— Directions —
Pictures stay out of the copy. Retype exactly the lines below from the one with "Diár AMOS denný" through the one with "水、チャ葉エキス *4 チャ種子油".

— Data section —
# # # #

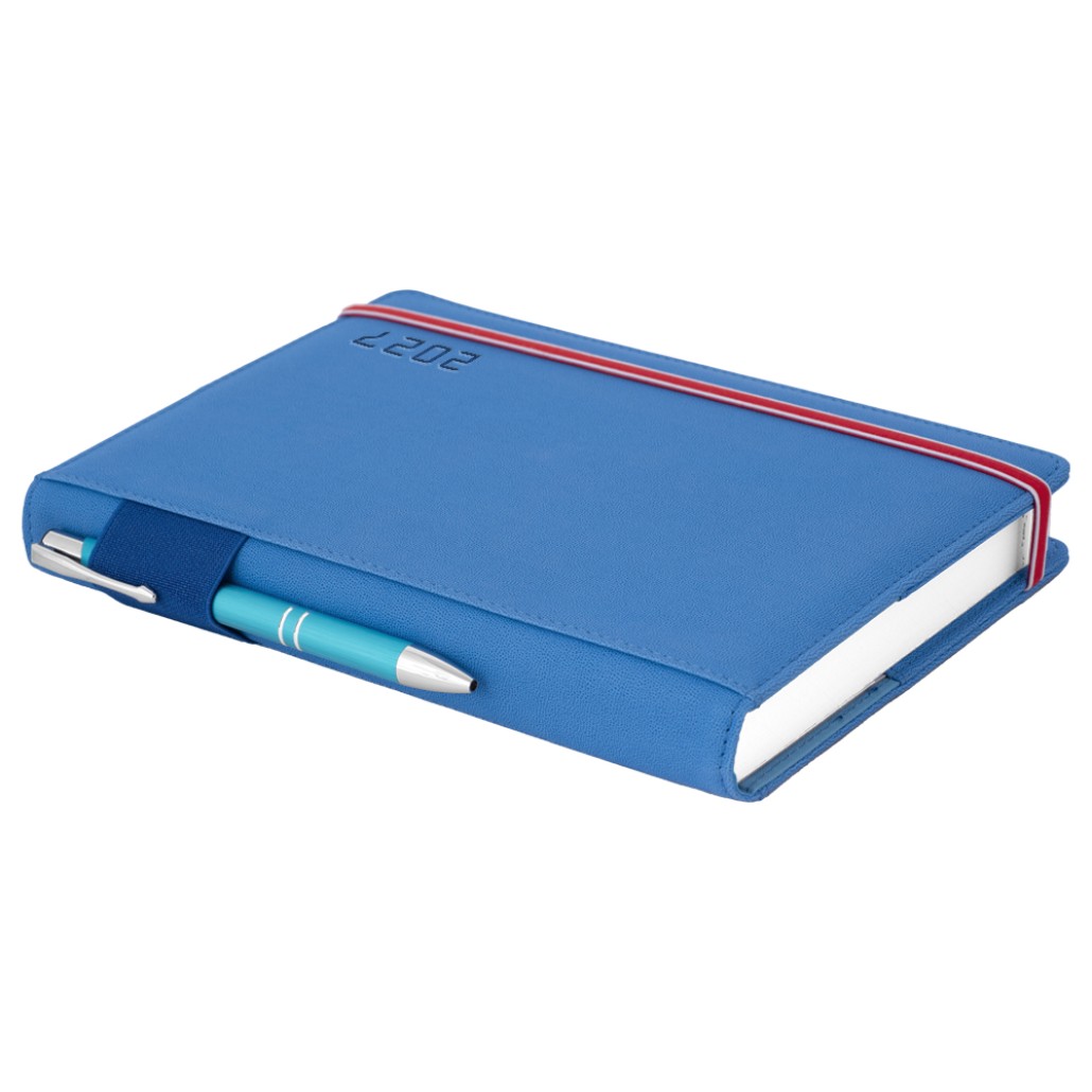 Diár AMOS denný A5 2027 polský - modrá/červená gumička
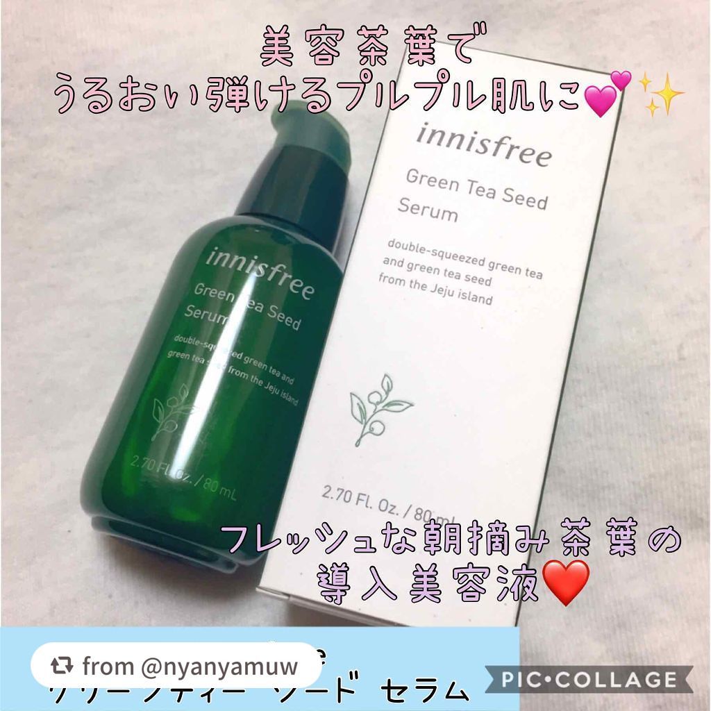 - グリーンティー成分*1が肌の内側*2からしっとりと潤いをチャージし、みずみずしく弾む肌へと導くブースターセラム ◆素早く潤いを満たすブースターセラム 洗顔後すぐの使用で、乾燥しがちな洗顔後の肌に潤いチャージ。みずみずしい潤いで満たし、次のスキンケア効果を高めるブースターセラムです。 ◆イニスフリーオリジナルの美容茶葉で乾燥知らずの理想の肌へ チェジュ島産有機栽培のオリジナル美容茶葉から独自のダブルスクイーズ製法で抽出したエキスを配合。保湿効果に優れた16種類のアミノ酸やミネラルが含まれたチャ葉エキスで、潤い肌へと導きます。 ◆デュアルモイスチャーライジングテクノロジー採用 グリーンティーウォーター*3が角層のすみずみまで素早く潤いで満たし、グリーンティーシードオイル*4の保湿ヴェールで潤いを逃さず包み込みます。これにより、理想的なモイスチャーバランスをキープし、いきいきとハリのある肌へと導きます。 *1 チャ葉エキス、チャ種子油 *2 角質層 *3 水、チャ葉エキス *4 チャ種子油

# # # #

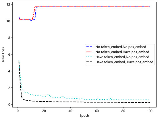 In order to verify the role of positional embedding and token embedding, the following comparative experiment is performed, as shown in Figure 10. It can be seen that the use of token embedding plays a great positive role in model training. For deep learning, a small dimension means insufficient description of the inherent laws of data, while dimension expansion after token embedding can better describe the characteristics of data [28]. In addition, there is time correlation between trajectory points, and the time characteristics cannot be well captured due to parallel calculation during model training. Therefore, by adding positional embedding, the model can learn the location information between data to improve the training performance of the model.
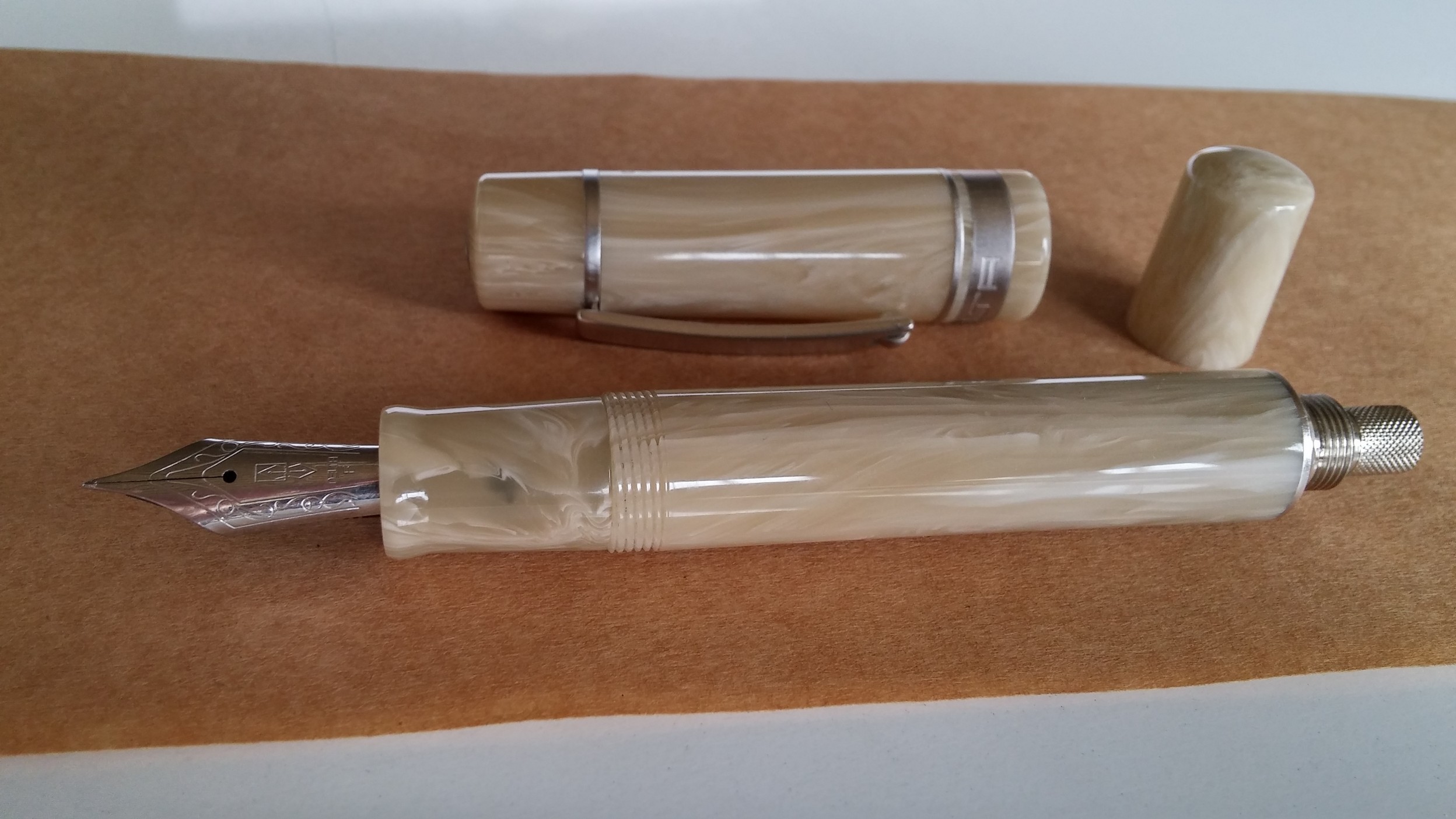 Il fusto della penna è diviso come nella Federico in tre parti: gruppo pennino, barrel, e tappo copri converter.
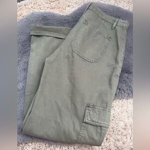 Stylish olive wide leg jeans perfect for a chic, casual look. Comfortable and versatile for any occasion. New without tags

# # # #

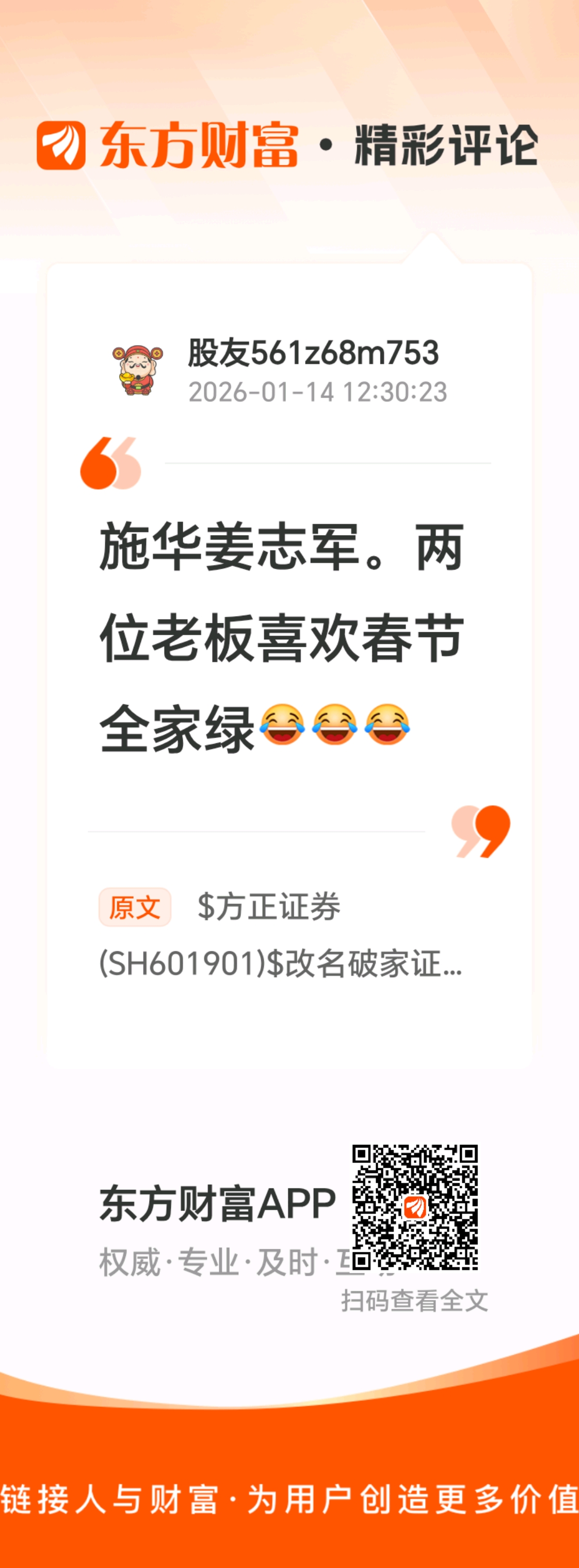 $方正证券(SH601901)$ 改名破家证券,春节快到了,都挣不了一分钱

# # # #

— Result —
 Diár AMOS denný A5 2027 polský - modrá/červená gumička
 - グリーンティー成分*1が肌の内側*2からしっとりと潤いをチャージし、みずみずしく弾む肌へと導くブースターセラム ◆素早く潤いを満たすブースターセラム 洗顔後すぐの使用で、乾燥しがちな洗顔後の肌に潤いチャージ。みずみずしい潤いで満たし、次のスキンケア効果を高めるブースターセラムです。 ◆イニスフリーオリジナルの美容茶葉で乾燥知らずの理想の肌へ チェジュ島産有機栽培のオリジナル美容茶葉から独自のダブルスクイーズ製法で抽出したエキスを配合。保湿効果に優れた16種類のアミノ酸やミネラルが含まれたチャ葉エキスで、潤い肌へと導きます。 ◆デュアルモイスチャーライジングテクノロジー採用 グリーンティーウォーター*3が角層のすみずみまで素早く潤いで満たし、グリーンティーシードオイル*4の保湿ヴェールで潤いを逃さず包み込みます。これにより、理想的なモイスチャーバランスをキープし、いきいきとハリのある肌へと導きます。 *1 チャ葉エキス、チャ種子油 *2 角質層 *3 水、チャ葉エキス *4 チャ種子油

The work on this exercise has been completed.